Records excerpted from a collection
····················
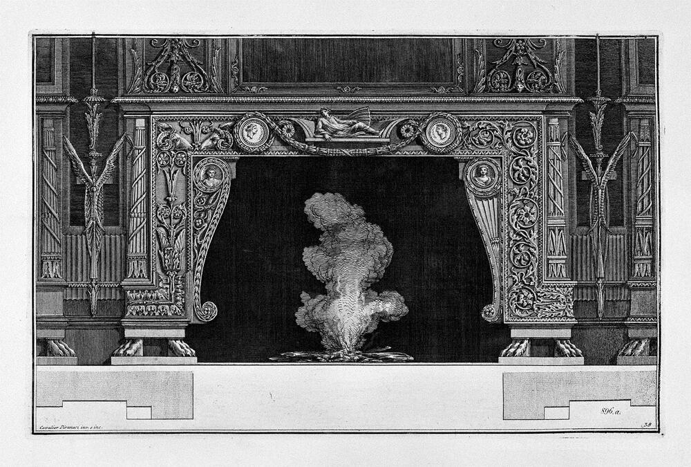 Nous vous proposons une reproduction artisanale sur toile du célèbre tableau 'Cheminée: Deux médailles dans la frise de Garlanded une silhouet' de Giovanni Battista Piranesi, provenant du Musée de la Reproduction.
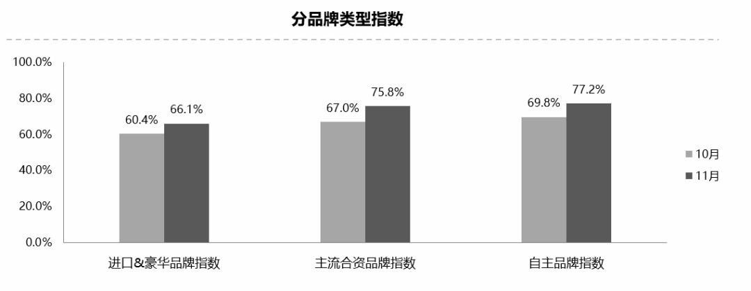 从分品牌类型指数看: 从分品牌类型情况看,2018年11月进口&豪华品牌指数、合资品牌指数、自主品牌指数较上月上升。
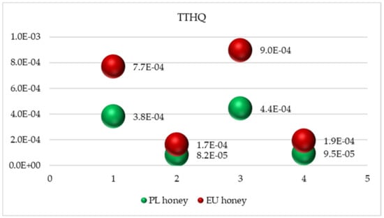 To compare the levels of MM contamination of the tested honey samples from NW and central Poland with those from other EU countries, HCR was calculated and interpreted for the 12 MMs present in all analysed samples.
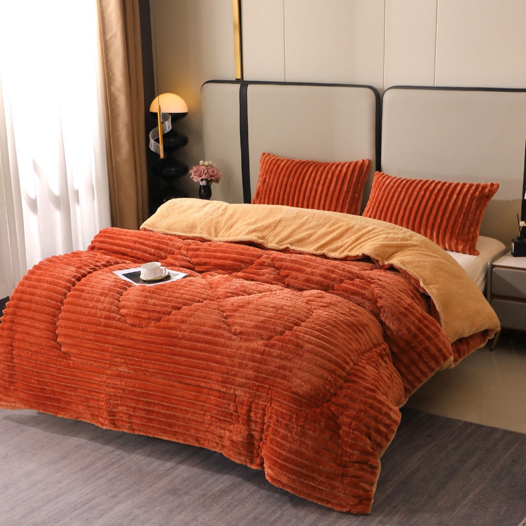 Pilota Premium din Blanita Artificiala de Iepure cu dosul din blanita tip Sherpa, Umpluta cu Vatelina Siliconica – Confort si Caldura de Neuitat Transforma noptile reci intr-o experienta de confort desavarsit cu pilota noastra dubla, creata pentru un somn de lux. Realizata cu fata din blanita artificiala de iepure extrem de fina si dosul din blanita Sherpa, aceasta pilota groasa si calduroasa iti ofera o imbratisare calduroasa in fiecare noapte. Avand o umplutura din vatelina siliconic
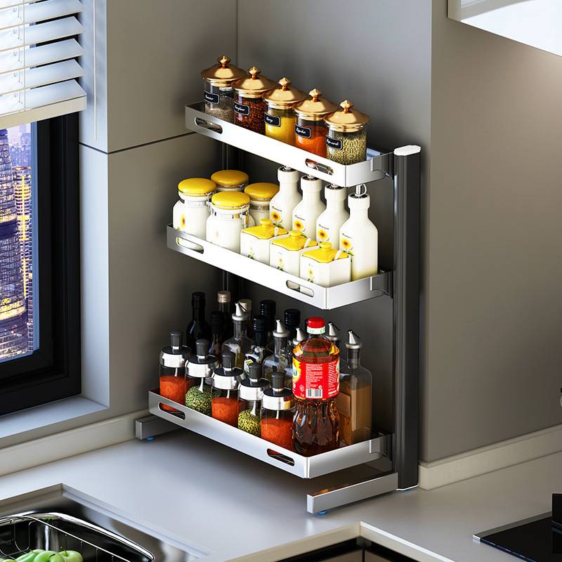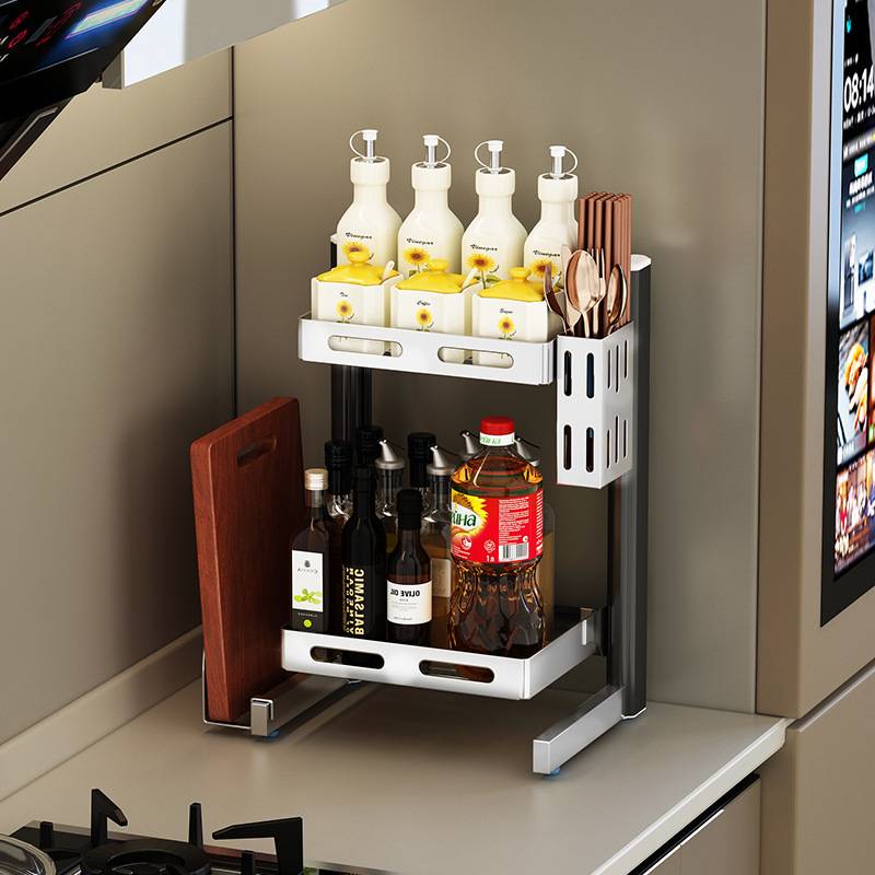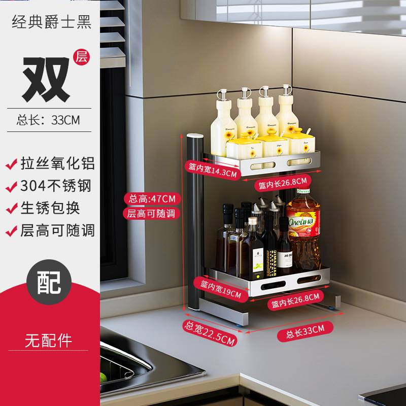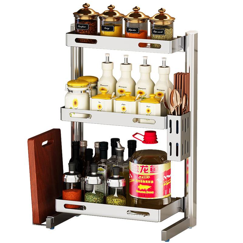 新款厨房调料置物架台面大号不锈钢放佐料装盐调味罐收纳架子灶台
····················
### INSTRUCTIONS FOR THE TASK
The task calls for repeating each line above exactly while excluding the pictures.

### EXERCISE SOLUTION
 Nous vous proposons une reproduction artisanale sur toile du célèbre tableau 'Cheminée: Deux médailles dans la frise de Garlanded une silhouet' de Giovanni Battista Piranesi, provenant du Musée de la Reproduction.
 从分品牌类型指数看: 从分品牌类型情况看,2018年11月进口&豪华品牌指数、合资品牌指数、自主品牌指数较上月上升。
 To compare the levels of MM contamination of the tested honey samples from NW and central Poland with those from other EU countries, HCR was calculated and interpreted for the 12 MMs present in all analysed samples.
 Pilota Premium din Blanita Artificiala de Iepure cu dosul din blanita tip Sherpa, Umpluta cu Vatelina Siliconica – Confort si Caldura de Neuitat Transforma noptile reci intr-o experienta de confort desavarsit cu pilota noastra dubla, creata pentru un somn de lux. Realizata cu fata din blanita artificiala de iepure extrem de fina si dosul din blanita Sherpa, aceasta pilota groasa si calduroasa iti ofera o imbratisare calduroasa in fiecare noapte. Avand o umplutura din vatelina siliconic
 新款厨房调料置物架台面大号不锈钢放佐料装盐调味罐收纳架子灶台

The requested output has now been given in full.